A curious legend circulates in the intellectual circles of Bologna. But is it really a legend It is said that when Romano Prodi was still classical high school student Galvani, breeding ground of the good local bourgeoisie, his classmates had become accustomed to touch his skull when they had to go to the table. So was born the reputation of the "Professore" baraka Its first three months to the Government have not refuted his reputation of lucky man. First, the victory of the "Azzurri" July 9 football World Cup, then the resumption of industrial activity and, finally, unhoped-for upwelling of tax revenue: at first glance, seems to smile at the new head of the Italian Government since his lean victory in legislative elections in April.

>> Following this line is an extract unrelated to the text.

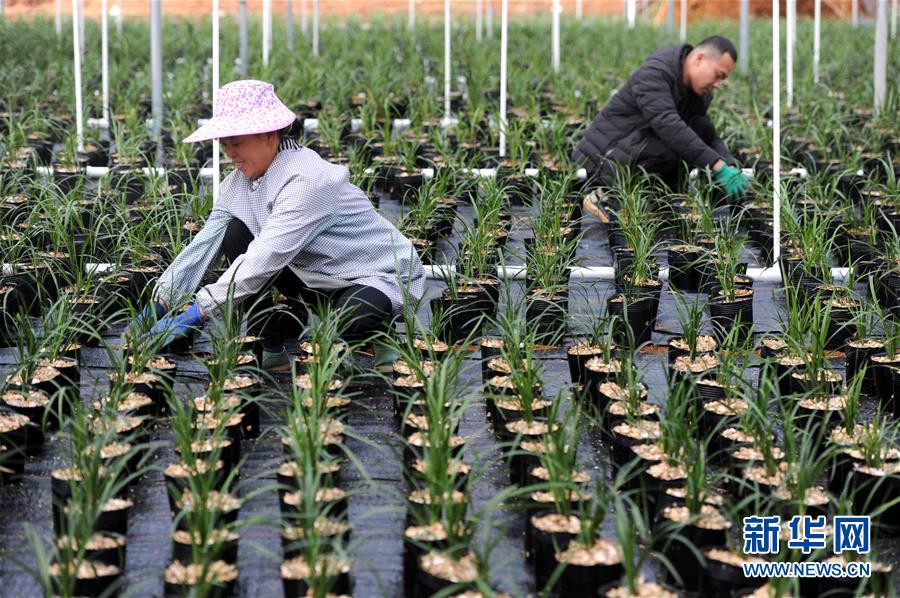 11月28日,荔浦市双江镇永坪村兰花种植示范基地,花农在查看兰花生长情况。新华社记者 冯为民摄
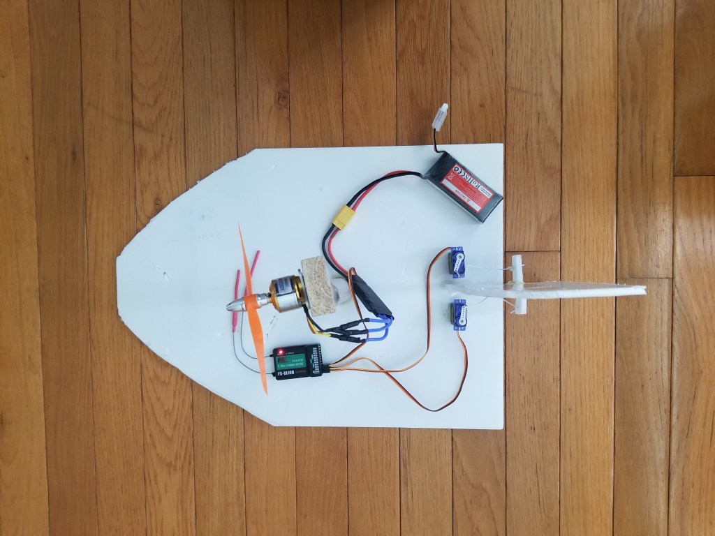 Per the advice of a Youtube video, I decided that before committing to a plane with quasi-fractal complexity, I would attempt to build a ‘hovercraft’. This method, which I strongly suggest for the beginner, allows one to make all the dumb mistakes on something that has zero probability of falling on someone’s head. It acts as a proof of concept, allowing you to find the proper rudder shape and propeller placement.

And yet, few are those who bet on the longevity of the head of the Union of the centre-left, uncertain, sixty-seven year old charisma, today at the head of an unlikely coalition of 11 Parties. Right, but also in some circles of the mainstream Italian left, is expecting the next day of the elections fall inevitable and necessarily imminent this old heir of the Christian democracy, prisoner of his motley coalition. The Anglo-Saxon press did not hesitate to brandish the spectrum of output of the euro. But three months after the actual installation of his Government, is that "professore" is good and it is the Cape. That of a moderate reformer faithful to its programme pragmatic, modest and without daring, synthesis of liberalisation and social justice. In the space of thirty days, the Prodi government prides as well to pass its Decree-Law on the liberalisation of 4 July 2006 aimed at modernizing large segments of the sector of services (liberal professions, pharmacies, insurance, taxis...) while strengthening the fight against tax evasion. Some observers, such as the European former at the competition Mario Monti, visibly seduced by the "Merkel method", have deplored the absence of prior concertation which has forced the Government to partially pull back on the front of the taxi licences. But it is the "Prodi method": the small keys converging to a result set. The employers regretted excessive shyness in worrying lack of momentum. But the Bersani Decree is only a first test.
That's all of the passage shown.